If an enzyme name is shown in bold, there is experimental evidence for this enzymatic activity.
|Superclasses:||Biosynthesis → Siderophore Biosynthesis|
Expected Taxonomic Range: Proteobacteria
Iron is an essential micronutrient for most microorganisms. It is a cofactor required for growth and metabolism. However, it is present in the environment as relatively insoluble ferric oxyhydroxide complexes that are not readily bioavailable. Siderophores are high-affinity ferric iron (Fe3+) chelators secreted by microorganisms as a means to access this iron. Bacterial pathogens also utilize siderophores to scavenge tightly bound iron from their hosts. Secreted siderophores solubilize and bind ferric iron. The ferric iron-siderophore complex binds to cell surface receptors and is actively transported into the cell (in [Berti09] and in [Schmelz09]). In Gram-negative bacteria, the binding protein transports the ferric-siderophore into the periplasm, where a second transporter transports it into the cytosol [Winkelmann02].

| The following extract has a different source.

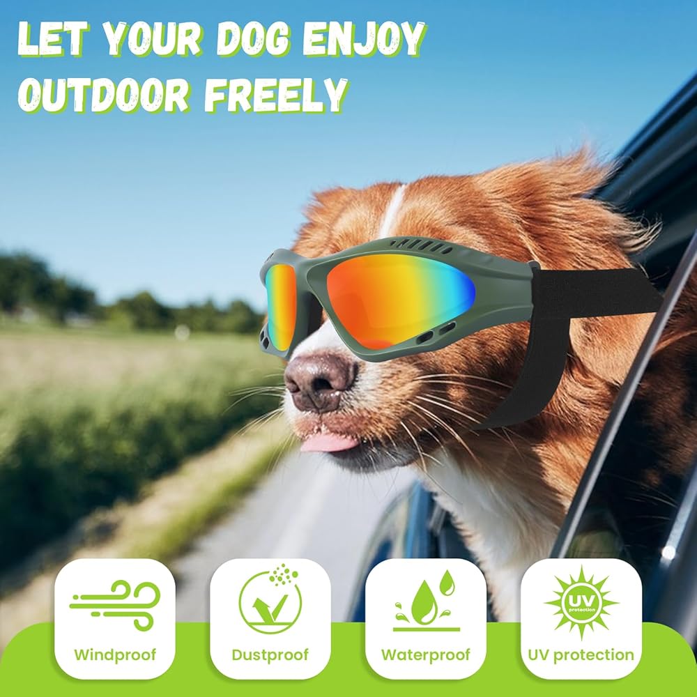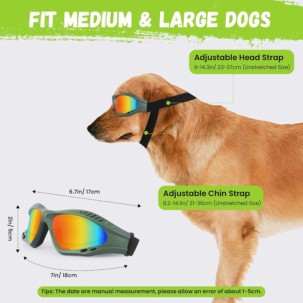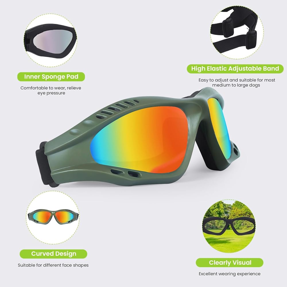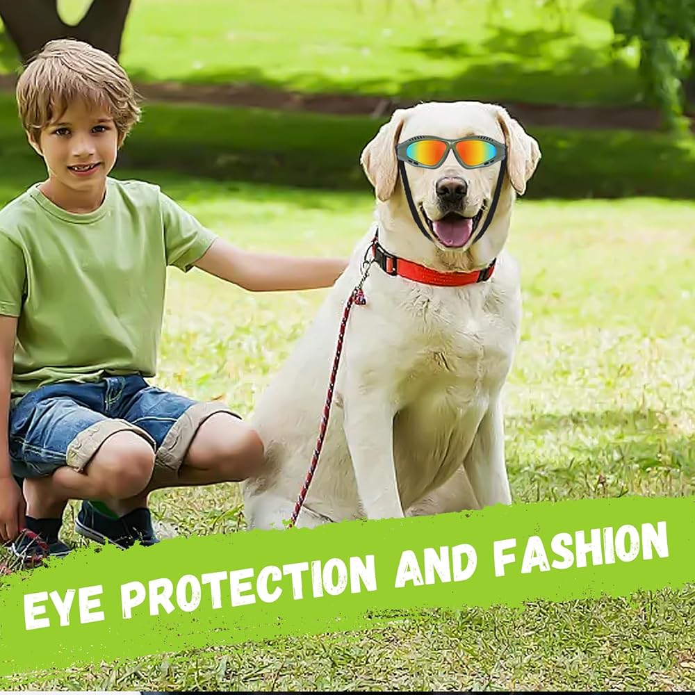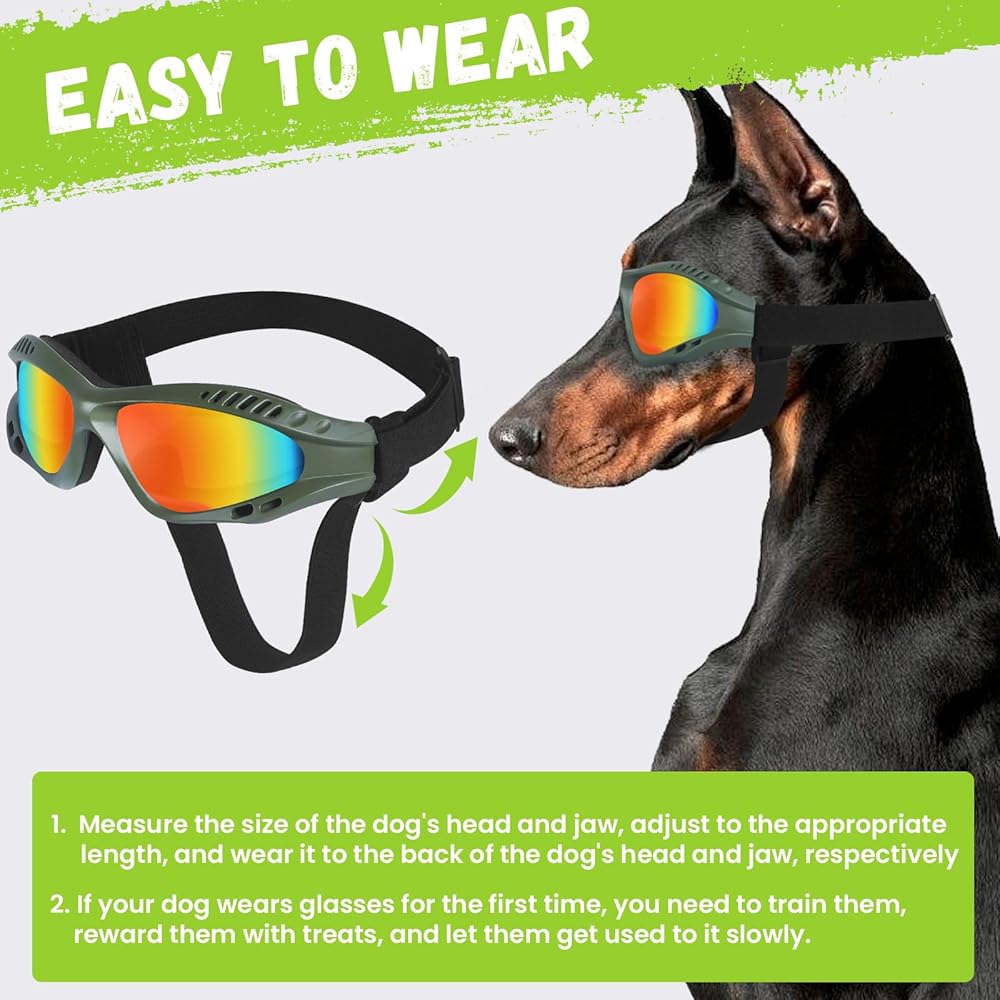【أشرطة مرنة】: الأشرطة المرنة القابلة للتعديل يمكن أن تتكيف مع سلالات مختلفة من الجراء والكلاب الكبيرة، ويجب تعديل عصابة الرأس المرنة وحزام الذقن وإحكامهما لجعل نظارات الكلاب تناسب الوجه. لا تقلق أبدًا بشأن السقوط بسهولة.

There are two general pathways for siderophore biosynthesis. One is the nonribosomal peptide synthetase (NRPS) dependent pathway that is based on the well characterized NRPS multienzyme superfamily. The other is the NRPS-independent pathway, referred to as the NIS pathway. The NIS pathway utilizes a novel superfamily of NIS synthetases that are only beginning to be characterized. Unlike NRPS pathways, NIS pathways involve individual enzymes and free intermediates. NIS synthetases catalyze the condensation of carboxylic acids with amines and alcohols. NIS synthetases are divided into three subfamilies A, B and C based on their carboxylic acid substrate specificities. Type A utilizes citrate, type B utilizes 2-oxoglutarate (α-ketoglutarate) and type C utilizes monoamide or monoester derivatives of citrate, or a monohydroxamate derivative of succinate (in [Schmelz09]).
Genes encoding NIS synthetases have been identified in over 40 species of bacteria. These genes are associated with the production of at least eight distinct siderophores (in [Berti09]). In addition to the biosynthetic pathway for achromobactin [Berti09] (this pathway), the biosynthetic pathways for the siderophores staphyloferrin A and staphyloferrin B in Staphylococcus aureus have recently been elucidated [Cheung09, Beasley09, Cotton09].
About This Pathway
This pathway is a proposed NIS (NRPS-independent) pathway for biosynthesis of achromobactin, a siderophore secreted by the plant pathogens Pseudomonas syringae pv. syringae B728a and Dickeya dadantii strain 3937 (also named Erwinia chrysanthemi strain 3937 or Pectobacterium chrysanthemi strain 3937 [Franza05, McMahon08, Schmelz09]). These two organisms are evolutionarily and pathologically distinct from each other. achromobactin has a role as a virulence factor in these organisms (in [Schmelz09]). This pathway has been studied in both Pseudomonas syringae pv. syringae B728a [Berti09] and Dickeya dadantii 3937 [Franza05, Schmelz09].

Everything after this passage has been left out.